> _Exercise directions_: Leave every picture out and give back the lines below from the first through the line that holds "He is buried", exactly as written.

> _Information_:
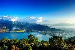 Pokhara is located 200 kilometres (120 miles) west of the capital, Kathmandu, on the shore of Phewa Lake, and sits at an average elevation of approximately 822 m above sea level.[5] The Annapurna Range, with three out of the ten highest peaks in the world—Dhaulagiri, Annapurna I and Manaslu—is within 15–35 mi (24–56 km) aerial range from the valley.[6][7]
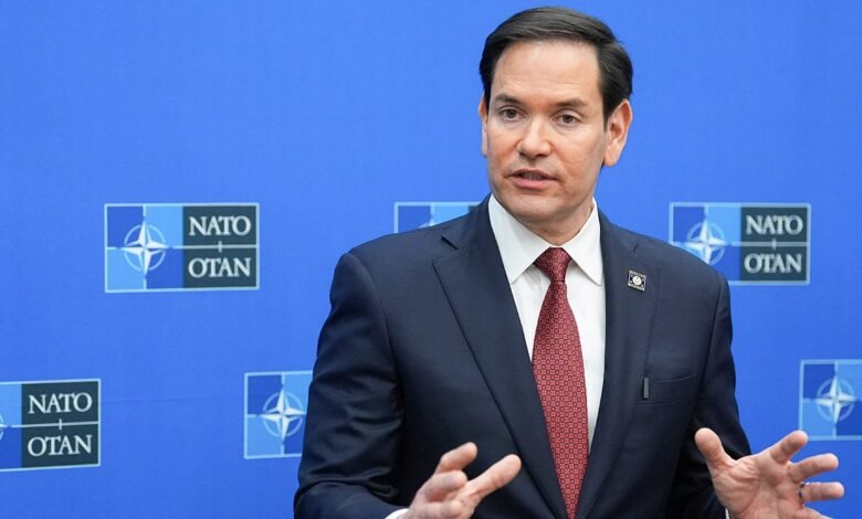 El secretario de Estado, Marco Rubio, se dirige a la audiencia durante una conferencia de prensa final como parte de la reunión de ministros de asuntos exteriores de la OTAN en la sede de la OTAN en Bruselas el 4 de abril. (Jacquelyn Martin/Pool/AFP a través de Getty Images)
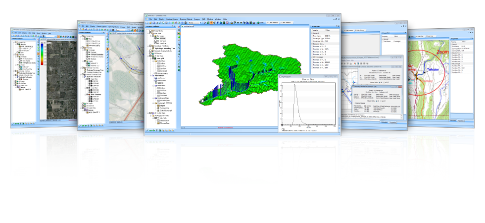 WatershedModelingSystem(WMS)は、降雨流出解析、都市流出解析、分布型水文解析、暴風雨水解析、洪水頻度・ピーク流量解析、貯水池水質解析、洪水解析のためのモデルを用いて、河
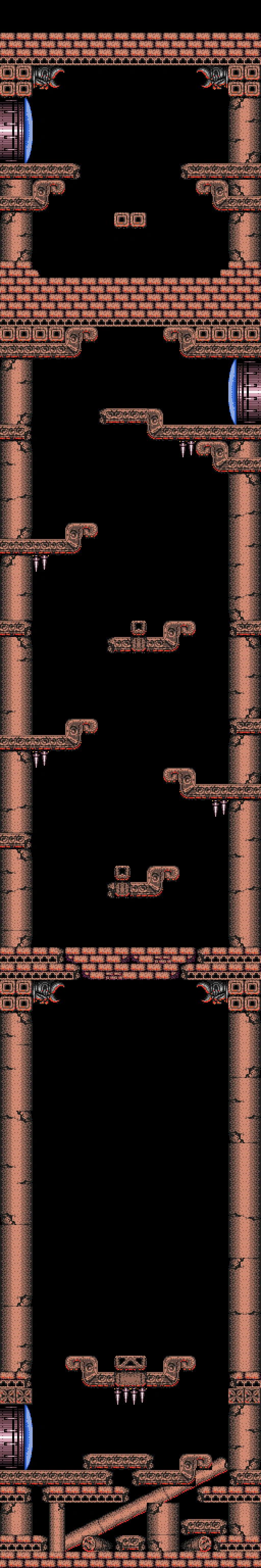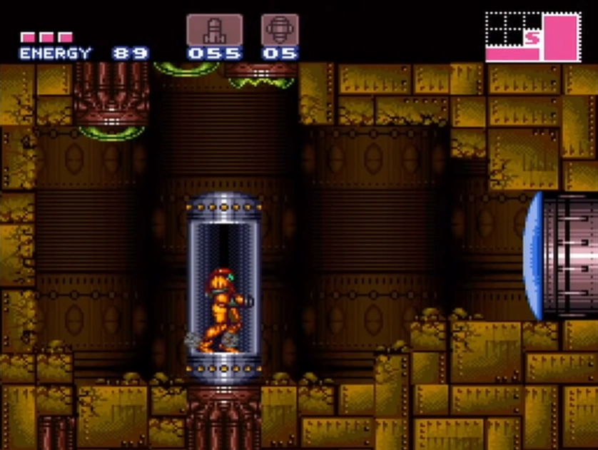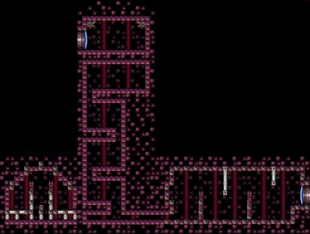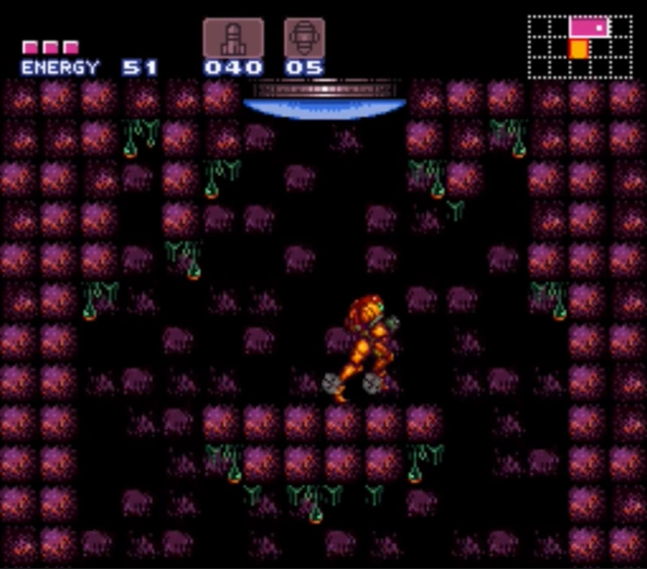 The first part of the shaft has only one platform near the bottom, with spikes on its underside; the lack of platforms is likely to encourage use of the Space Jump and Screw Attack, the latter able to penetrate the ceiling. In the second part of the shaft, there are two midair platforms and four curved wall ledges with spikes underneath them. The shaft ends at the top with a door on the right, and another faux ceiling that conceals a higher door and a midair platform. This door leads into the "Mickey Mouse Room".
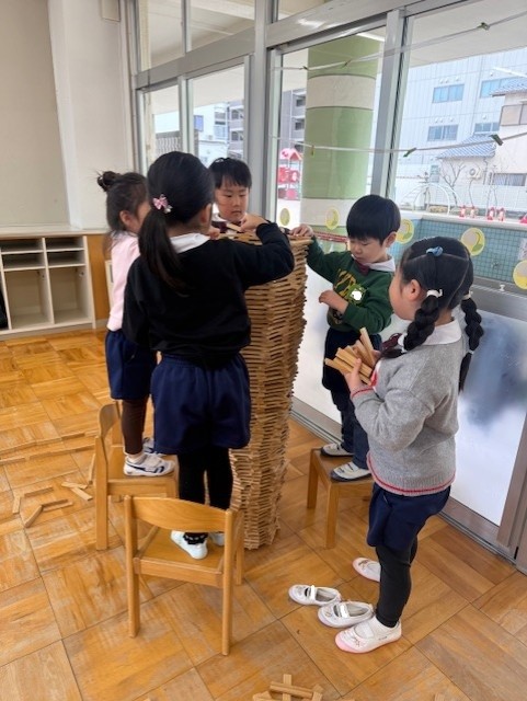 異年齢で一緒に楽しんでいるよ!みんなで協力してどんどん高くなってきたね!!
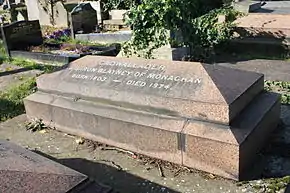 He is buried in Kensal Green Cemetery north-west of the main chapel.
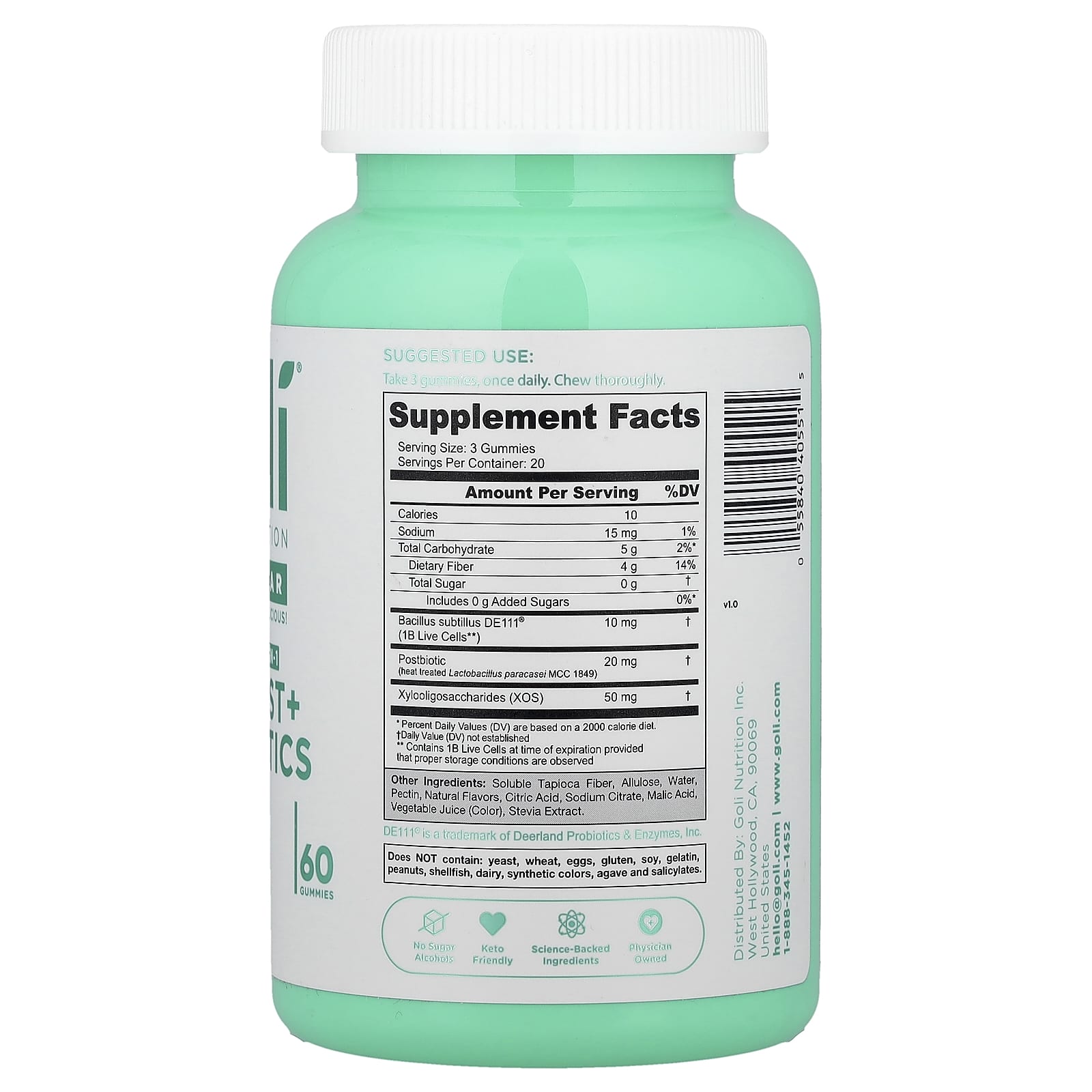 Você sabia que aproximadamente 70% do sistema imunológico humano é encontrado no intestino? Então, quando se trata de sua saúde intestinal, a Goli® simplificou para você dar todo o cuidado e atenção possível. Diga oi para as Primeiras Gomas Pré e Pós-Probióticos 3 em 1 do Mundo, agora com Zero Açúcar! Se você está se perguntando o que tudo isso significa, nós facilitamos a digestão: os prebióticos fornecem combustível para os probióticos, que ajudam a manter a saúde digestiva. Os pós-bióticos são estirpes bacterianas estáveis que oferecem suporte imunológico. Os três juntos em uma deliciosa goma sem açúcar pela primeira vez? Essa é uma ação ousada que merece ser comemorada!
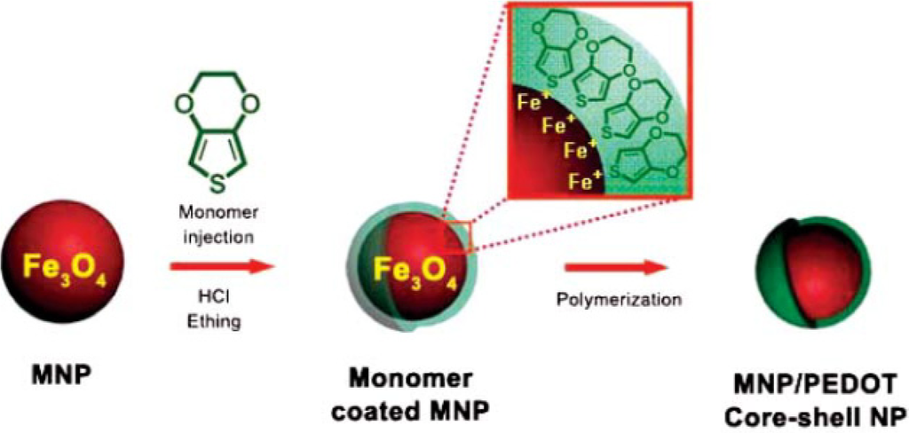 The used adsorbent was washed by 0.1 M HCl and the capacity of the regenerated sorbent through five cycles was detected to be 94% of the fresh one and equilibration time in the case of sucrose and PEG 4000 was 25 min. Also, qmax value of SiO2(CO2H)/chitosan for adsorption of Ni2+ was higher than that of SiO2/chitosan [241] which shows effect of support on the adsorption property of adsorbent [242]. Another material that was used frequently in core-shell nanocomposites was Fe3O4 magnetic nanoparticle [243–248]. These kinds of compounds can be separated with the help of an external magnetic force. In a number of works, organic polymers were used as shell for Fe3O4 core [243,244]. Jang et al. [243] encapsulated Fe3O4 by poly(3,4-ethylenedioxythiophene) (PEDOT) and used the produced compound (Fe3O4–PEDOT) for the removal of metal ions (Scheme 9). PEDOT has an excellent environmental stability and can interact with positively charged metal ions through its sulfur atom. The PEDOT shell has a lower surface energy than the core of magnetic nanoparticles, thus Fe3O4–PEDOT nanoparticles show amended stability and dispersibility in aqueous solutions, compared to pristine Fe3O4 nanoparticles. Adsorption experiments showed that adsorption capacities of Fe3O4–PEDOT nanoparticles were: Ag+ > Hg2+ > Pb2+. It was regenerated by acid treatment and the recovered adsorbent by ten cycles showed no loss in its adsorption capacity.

> _Exercise output_:
 Pokhara is located 200 kilometres (120 miles) west of the capital, Kathmandu, on the shore of Phewa Lake, and sits at an average elevation of approximately 822 m above sea level.[5] The Annapurna Range, with three out of the ten highest peaks in the world—Dhaulagiri, Annapurna I and Manaslu—is within 15–35 mi (24–56 km) aerial range from the valley.[6][7]
 El secretario de Estado, Marco Rubio, se dirige a la audiencia durante una conferencia de prensa final como parte de la reunión de ministros de asuntos exteriores de la OTAN en la sede de la OTAN en Bruselas el 4 de abril. (Jacquelyn Martin/Pool/AFP a través de Getty Images)
 WatershedModelingSystem(WMS)は、降雨流出解析、都市流出解析、分布型水文解析、暴風雨水解析、洪水頻度・ピーク流量解析、貯水池水質解析、洪水解析のためのモデルを用いて、河
 The first part of the shaft has only one platform near the bottom, with spikes on its underside; the lack of platforms is likely to encourage use of the Space Jump and Screw Attack, the latter able to penetrate the ceiling. In the second part of the shaft, there are two midair platforms and four curved wall ledges with spikes underneath them. The shaft ends at the top with a door on the right, and another faux ceiling that conceals a higher door and a midair platform. This door leads into the "Mickey Mouse Room".
 異年齢で一緒に楽しんでいるよ!みんなで協力してどんどん高くなってきたね!!
 He is buried in Kensal Green Cemetery north-west of the main chapel.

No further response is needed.